[Stored items]
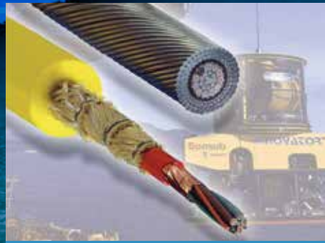
UMBILICAL AND TETHER CABLE
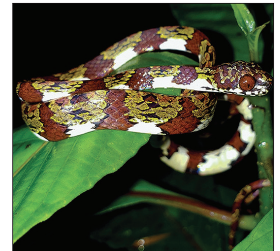
Sibon canopy Arteaga & Batista, sp.nov.
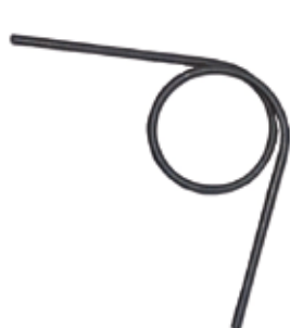
60125 V - Springs Suitable for a range of archive Barton and other manufacturers winches. Arms approximately 25mm (1") long
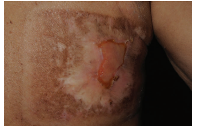
FIGURE 1. Typical presentation of cardiac fluoroscopy-induced radiation dermatitis before ulceration. An 81-year-old man presented with a painful sharply demarcated concentric target-like patch. A central erosion with a peripheral white sclerotic zone and an outer hyperpigmented "flame burn-like" zone.

dependent on multiple factors. For example, a higher radiation emission rate (up to 0.2 Gy/min) will occur automatically decided by computer setting when operators require higher image resolution or when the radiation needs to pass a longer distance through human body. Therefore, the actual cumulative radiation dose is usually underestimated, if we use only the procedure time (or fluoroscopy time) to calculate it.
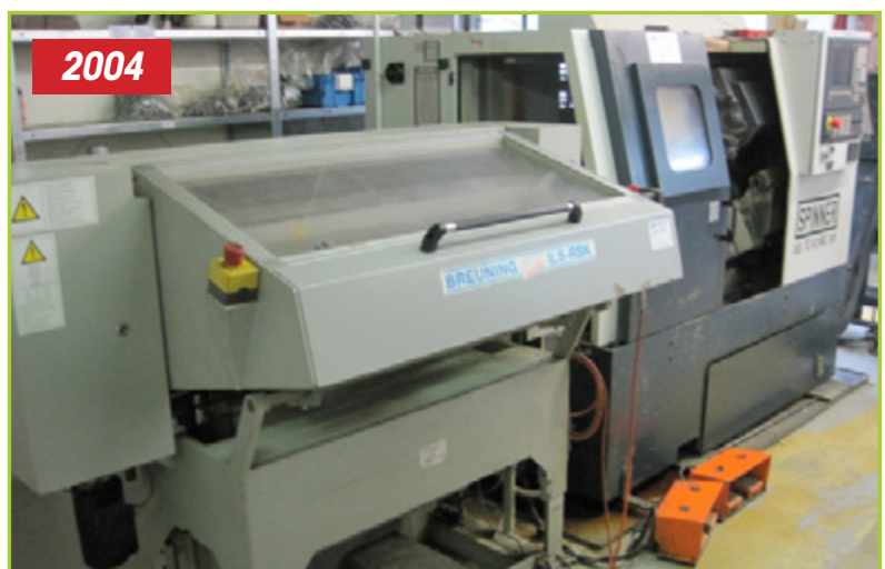
SPINNERTC 42-MC/ 2004 CNC-STANGENDREHMASCHINE

1 – OKUMA CNC Multi Station Turning Machine LU 15 M/2002 4 Achsen 4-Achsen CNC Drehmaschine , Steuerung OSP-U 100 L, S/N 2337, ca. 42 500 Betriebsstunden, oberer Revolverkopf mit 12 Stationen und angetriebenen Werkzeugen, unterer Revolverkopf mit 8 Aufnahmen, Stangenlademagazin BREUNING IRCO ILS RBK 10010, 80/200, div. Werkzeuge und Aufnahmen 4-Axis CNC Turning Machine, make OKUMA, type LU 15 M, year 2002, Control OSP-U 100 L, S/N 2337, approx. 42 500 hrs, revolver 1 with 12 tool stations and driven tools, revolver 2 with 8 tool stations, bar loader make BREUNING IRCO ILS RBK 10010, 80/200, various tools and tool holders.
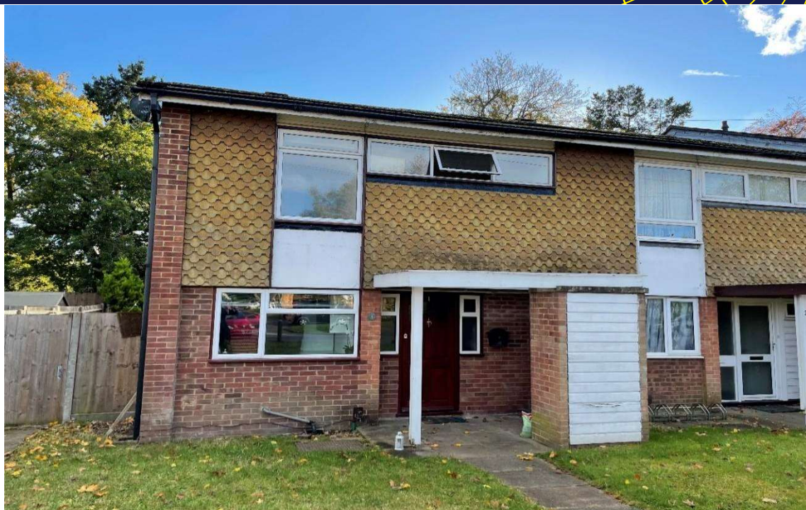
Cherrywood Avenue, Surrey, TW20 0TE
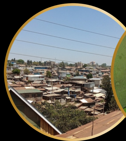
Kibera View Point

It's understanding Nairobi from the inside.
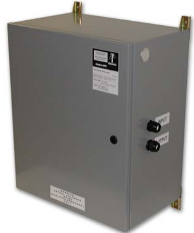
Note: shown with optional liquid-tight cable glands

LEDs provide visual assessment of UPS status. By unlatching, the front door swings open; inside the cabinet is an array of LED status indicators and a power on/off control switch.
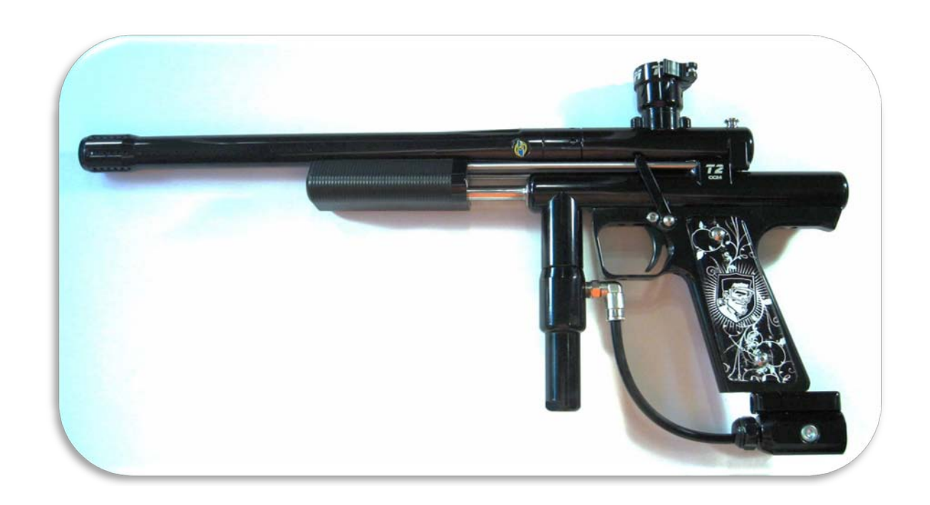
The <sup>Un</sup>official Manual of the Chipley Custom Machine T2 Pump Marker
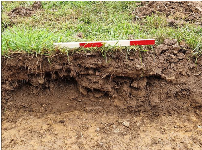
FIGURE 4: SAMPLE SECTION, VIEWED FROM THE NORTH-EAST (SCALE 0.4M).
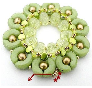
9) Insert 3 SB15 through the Arcos
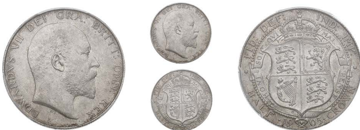
574 Halfcrown, 1905 (ESC 3571; S 3980). Good extremely fine, rare [slabbed PCGS MS 63]
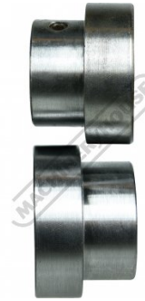
1/4 Inch (6.35mm) Flange Rolls
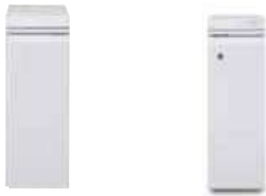
Interface Module (required to support finishing modules) [Left]
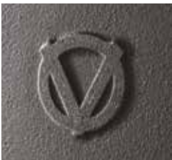
Door, top plate, grate and flue made of high-quality cast iron
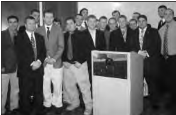
Delta Delta Chapter at Wesley College in Dover, Del. was reactivated on April 2nd with 27 brothers. Wesley is Delaware's oldest college and has 1200 undergraduates at the school. This chapter was deactivated in 1996 and has been rebuilding since 2002 with six pledge classes

## Work item
Print exactly the line containing "Door, top plate, grate" and every line after it through the final line above, and leave all pictures out.

## Exercise response
Door, top plate, grate and flue made of high-quality cast iron
Delta Delta Chapter at Wesley College in Dover, Del. was reactivated on April 2nd with 27 brothers. Wesley is Delaware's oldest college and has 1200 undergraduates at the school. This chapter was deactivated in 1996 and has been rebuilding since 2002 with six pledge classes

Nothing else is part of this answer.